Ans. Take a beaker, fill it half with water. Cut a small piece of sodium metal. Dry it using filter paper and wrap it in a small piece of cotton. Put the piece of sodium, wrapped in cotton into the beaker. We observe that the beaker becomes hot. We test the solution with red and blue litmus papers. It turns red litmus into blue. This activity indicates that sodium is highly reactive and it reacts vigorously with water. A lot of heat is generated in the reaction to form basic solution of sodium hydroxide.
Q . 12. What happens when samples of metals and non-metals are mixed with acids?

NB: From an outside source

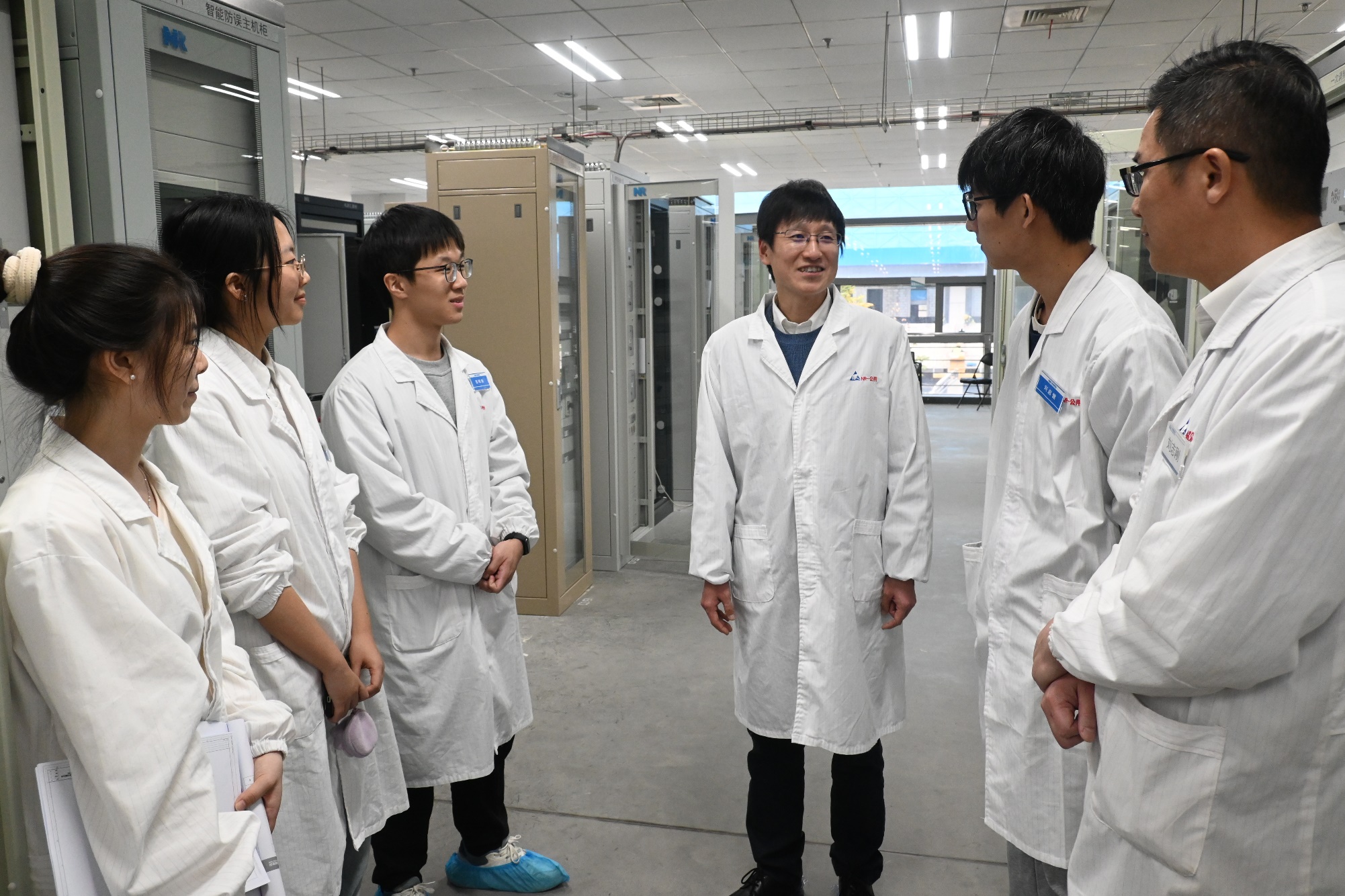 在南瑞继保工程试验仿真基地,工程服务中心主任周敬介绍了公司围绕学生实际需求设计的实习内容、进度安排以及取得的主要成效。赵昱辉与正在公司开展实习的卓工班学生进行了亲切交流,详细询问了同学们的实习情况、收获体会和生活情况。同学们对学院和南瑞继保提供此次宝贵的实习机会,以及精心的组织安排表示感谢。他们说,通过为期两周的现场实习,不仅对课堂所学理论知识有了更深体会,更对工程实践应用、产业技术发展有了更直接的感受,拓宽了自身的学术和工程视野。

Ans. We observe that non-metals do not react with acids but metals react with acids and produce hydrogen gas that burns with a pop sound. Copper does not react with dilute hydrochloric acid but reacts with sulphuric acid.
Q . 13. Explain displacement reaction with the help of an activity.

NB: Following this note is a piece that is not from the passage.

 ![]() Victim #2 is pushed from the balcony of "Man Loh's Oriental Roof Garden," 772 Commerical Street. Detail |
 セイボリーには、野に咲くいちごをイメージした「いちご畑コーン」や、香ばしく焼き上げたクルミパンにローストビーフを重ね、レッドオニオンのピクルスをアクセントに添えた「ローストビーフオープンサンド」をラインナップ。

Ans. Take five beakers of 100 mL and label them A, B, C, D and E. Take about 50 mL of water in each beaker. Dissolve in beakers A and B, a tea spoon of copper sulphate (CuSO4) in beakers C, D and E zinc sulphate (ZnSO4), iron sulphate (FeSO4) and zinc sulphate (ZnSO4), respectively. Put zinc granule (Zn), iron nail (Fe), copper turnings (Cu); copper turnings (Cu) and iron nail (Fe) in the beakers respectively. Observe the changes. We see that in beakers A and B colour is changed while in C, D, E, there is no change of colour. Beakers A and B show the displacement reaction.
Beaker A: Copper sulphate (CuSO4) + Zinc granule (Zn)
Beaker B: Copper sulphate (CuSO4) + Iron nail (Fe)
Beaker C: Zinc sulphate (ZnSO4) Copper turning (Cu)
Beaker D: Iron sulphate (FeSO4) + Copper turning (Cu)
Beaker E: Zinc sulphate (ZnSO4) + Iron nail (Fe)
A: CuSO4 + Zn → ZnSO4 + Cu
B: CuSO4 + Fe → FeSO4 + Cu
C: ZnSO4 + Cu → No change
D: FeSO4 + Cu → No change
E: ZnSO4 + Fe → No change
In these reactions we have seen that only more reactive metal displaces the less reactive metal but the less reactive metal does not do so.